People attending fairs all across the country look forward to happy memories of carnival rides and cute farm animals. They don’t think about sanitation nor the possibility of E. coli infection – which happens at fairs more often than people tend to think.
One of the country’s first large fair outbreaks came in the fall of 2000, when E. coli at a suburban Philadelphia petting farm infected 16 children. Health officials suspected an additional 45 probable cases. Outbreaks at county fairs in Ohio and Wisconsin sickened 84 in the summer of 2001. In August 2002, 82 people, mostly children, fell ill after attending a county fair in Oregon, and 108 people got sick after visiting the North Carolina state fair’s petting zoos last fall.
The outbreaks are blamed on the bacterium E. coli O157:H7, which typically causes bloody diarrhea. The Centers for Disease Control and Prevention says that this strain of E. coli is responsible for an average of 73,000 cases of infection and 61 deaths in the United States each year.
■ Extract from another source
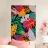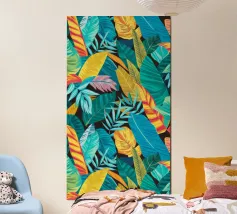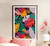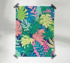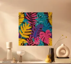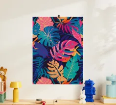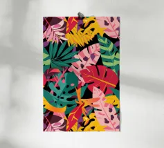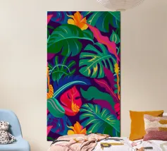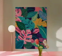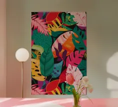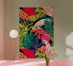 Un motivo coloratissimo di fiori e foglie tropicali in rosa, rosso, arancione e verde acqua, che crea una festa visiva gioiosa ed energica.

And now, the bacteria have shown up in fairs in Florida – namely the Central Florida Fair in Orlando, the Florida Strawberry Festival in Plant City and the Florida State Fair in Tampa.
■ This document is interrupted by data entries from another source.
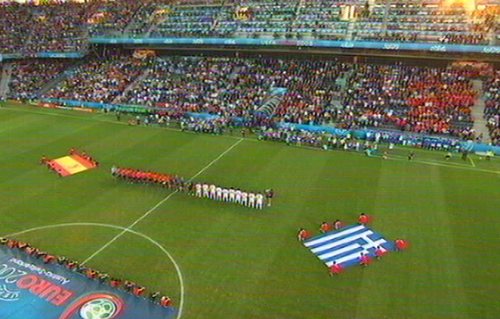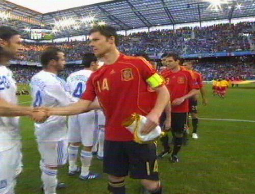 Los futbolistas de los dos equipos se saludan antes de que diera comienzo el encuentro. En primer término, Xabi Alonso (d), que ejerció de capitán de España, da la mano a un jugador griego. (Cuatro)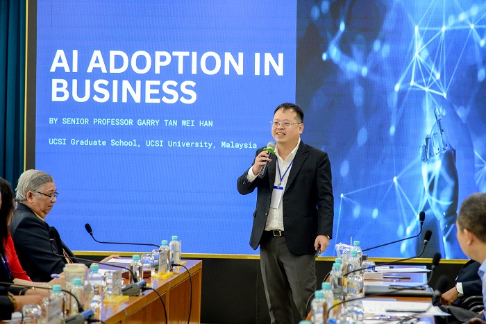 Tại phiên toàn thể, Giáo sư Garry Tan Wei Han (UCSI University) trình bày tại Hội thảo với chủ đề “AI adoption in business: what’s happening and what’s next?”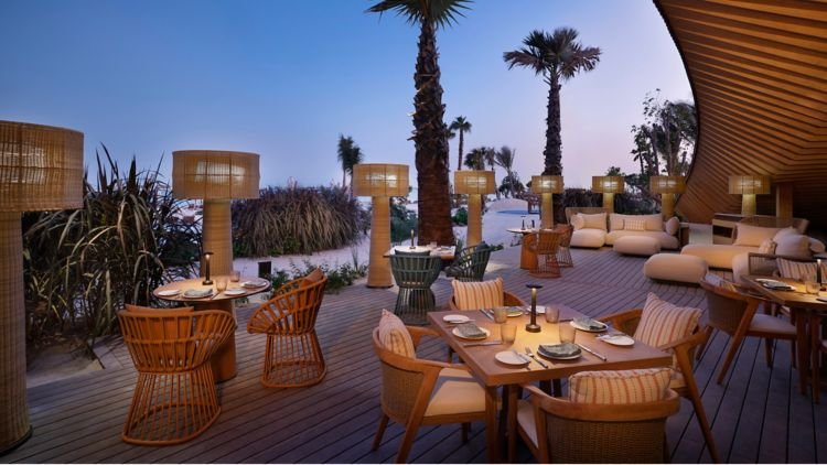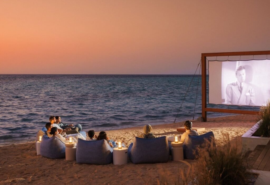 The villas are relaxed and informal, with soft colors, arched ceilings, and a lived-in feel. There’s a diwaniya lounge over the water, an outdoor cinema, and a beach bar serving non-alcoholic drinks at sunset.

At least 22 people, almost all children, fell seriously ill after visiting one of the three fairs in Florida in the past two months. State health officials are investigating 35 more cases. Victims may have had different things to eat and drink, but almost all of them touched the chicks, sheep, goats and calves in the petting zoos, which officials are convinced is the source of the bacteria. About eight per cent of people infected with E. coli O157:H7 are later stricken with the potentially fatal kidney disease known as hemolytic uremic syndrome, or HUS.
People who visit petting zoos must take safety into their own hands – literally. What often happens is that a toddler will pet a sheep or goat, then stick his fingers in his mouth, as children often do. Livestock on farms and at fairs are not regularly tested for E. coli O157:H7 because inspectors are looking only for illnesses that could harm the animals themselves. Infection with the bacteria is not uncommon among livestock, and an animal with E. coli O157:H7 shows no symptoms and does not get sick.
If officials confirm the outbreak began in the zoos, where animals’ feces can carry the potentially lethal bacteria, this would be the latest episode in what appears to be a growing threat to public health.

“It’s seems to be an increasing phenomenon,” said Jeff Bender, an assistant professor of veterinary public health at the University of Minnesota. “As a result, we need to get some recommendations or guidelines out there. The single most important thing in prevention is handwashing,” Bender said. He added that only handwashing with soap and water or a sanitizing gel will work.